Recently, I got an equation with this form: $$ (x-x_1)^2 + (y-y_1)^2 = (x-x_2)^2 +(y-y_2)^2 = (x-x_3)^2+(y-y_3)^2$$
Yes, It's from a question about calculating center point from three given points on a circle.

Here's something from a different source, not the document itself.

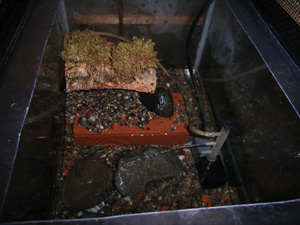 飼育環境 水陸半々のアクアテラで水深は5、6cmぐらい。水中ポンプで水面とシェルターのコルクに水を送っている。陸地にはポタポタ水が垂れる程度だが砂利の上に苔をひいていないので湿度保持と洗浄効果を期待している。苔をひいてもいいが、まめに取り替えよう。 冷涼な環境と湿度が必要で適温は15度から18度ほど最高でも20度ほどにしたい。冷却装置は必須だ。 今のところ1匹の飼育で繁殖を視野にいれたレイアウトはしていない。4〜5匹いるならば60cm以上の水槽に移して水深も15cmほどとった方がいいだろう。 画像は45cm水槽なので1ペアぐらいまでが限界だと思う。 |
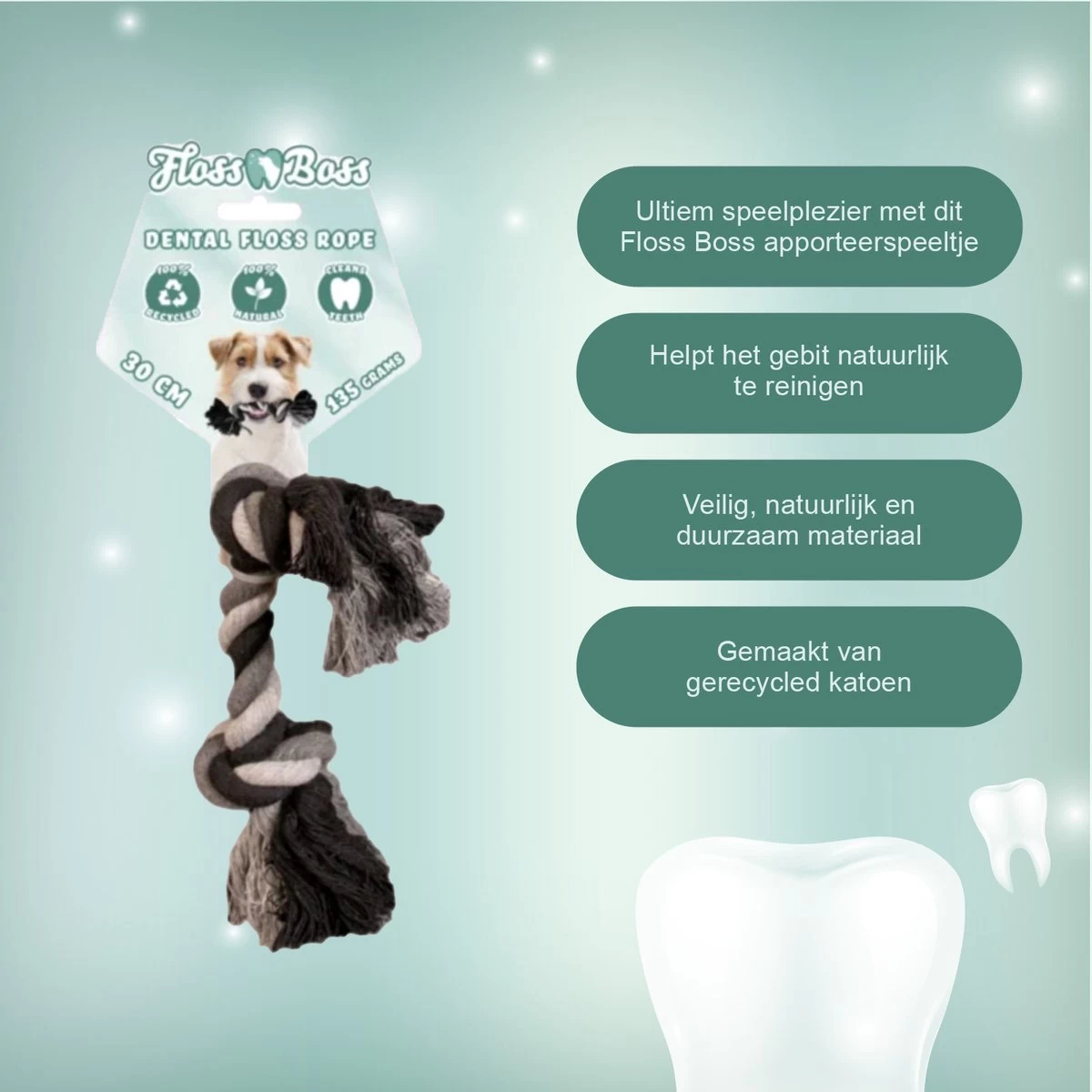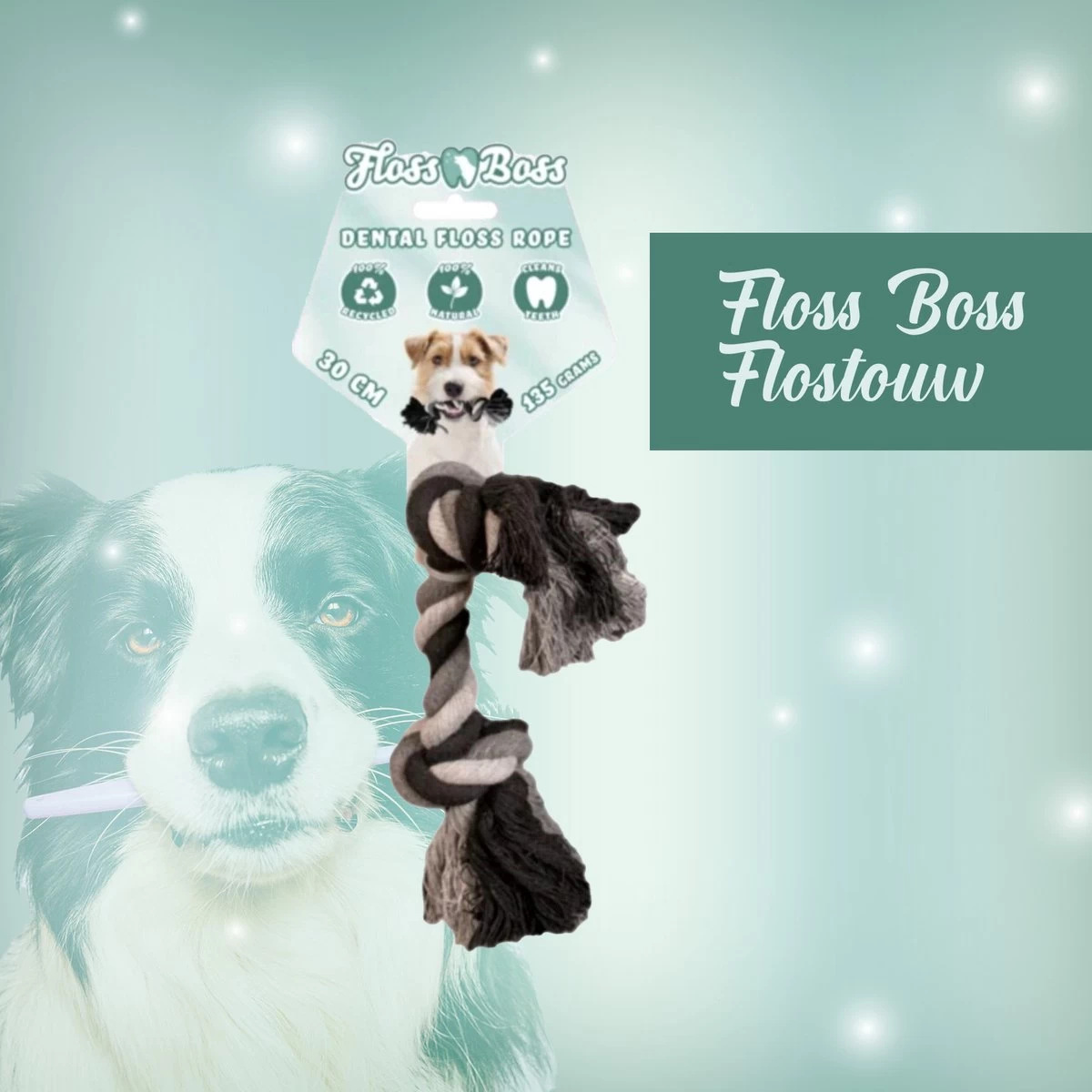 Het stevige flostouw wordt uitsluitend gemaakt van gerecycled katoen. Hierdoor is de aanschaf van een Floss Boss niet alleen een goede keuze voor uw hond, maar ook voor het milieu.

Reduce it, and I got this: $$ \begin{cases} 2(x_2 - x_1)x + 2(y_2-y_1)y = -x_1^2-y_1^2+x_2^2+y_2^2 \\ 2(x_3 - x_1)x + 2(y_3-y_1)y = -x_1^2-y_1^2 +x_2^2+y_2^2 \end{cases} \tag{1} \label{1}$$
Well, it an linear equation, Using Cramer ruler I can get the solution, but The Solution given by my book Taking this Form: $$ x= \frac{ \begin{vmatrix} 1 & x_1^2+y_1^2 & y_1 \\ 1 & x_2^2+y_2^2 & y_2 \\ 1 & x_3^2+y_3^2 & y_3 \\ \end{vmatrix}} {2\begin{vmatrix} 1 & x_1 & y_1 \\ 1 & x_2 & y_2 \\ 1 & x_3 & y_3 \\ \end{vmatrix}}$$ $$ y= \frac{ \begin{vmatrix} 1 & x_1 & x_1^2+y_1^2 \\ 1 & x_2 & x_2^2+y_2^2 \\ 1 & x_3 & x_3^2+y_3^2 \\ \end{vmatrix}} {2\begin{vmatrix} 1 & x_1 & y_1 \\ 1 & x_2 & y_2 \\ 1 & x_3 & y_3 \\ \end{vmatrix}}$$
How this come from? I assume this form are coming from some rewritten of equation $\ref{1}$ . Can someone tell me how to rewrite equation $\ref{1}$ so I can use Cramer ruler and get the solution with the form above?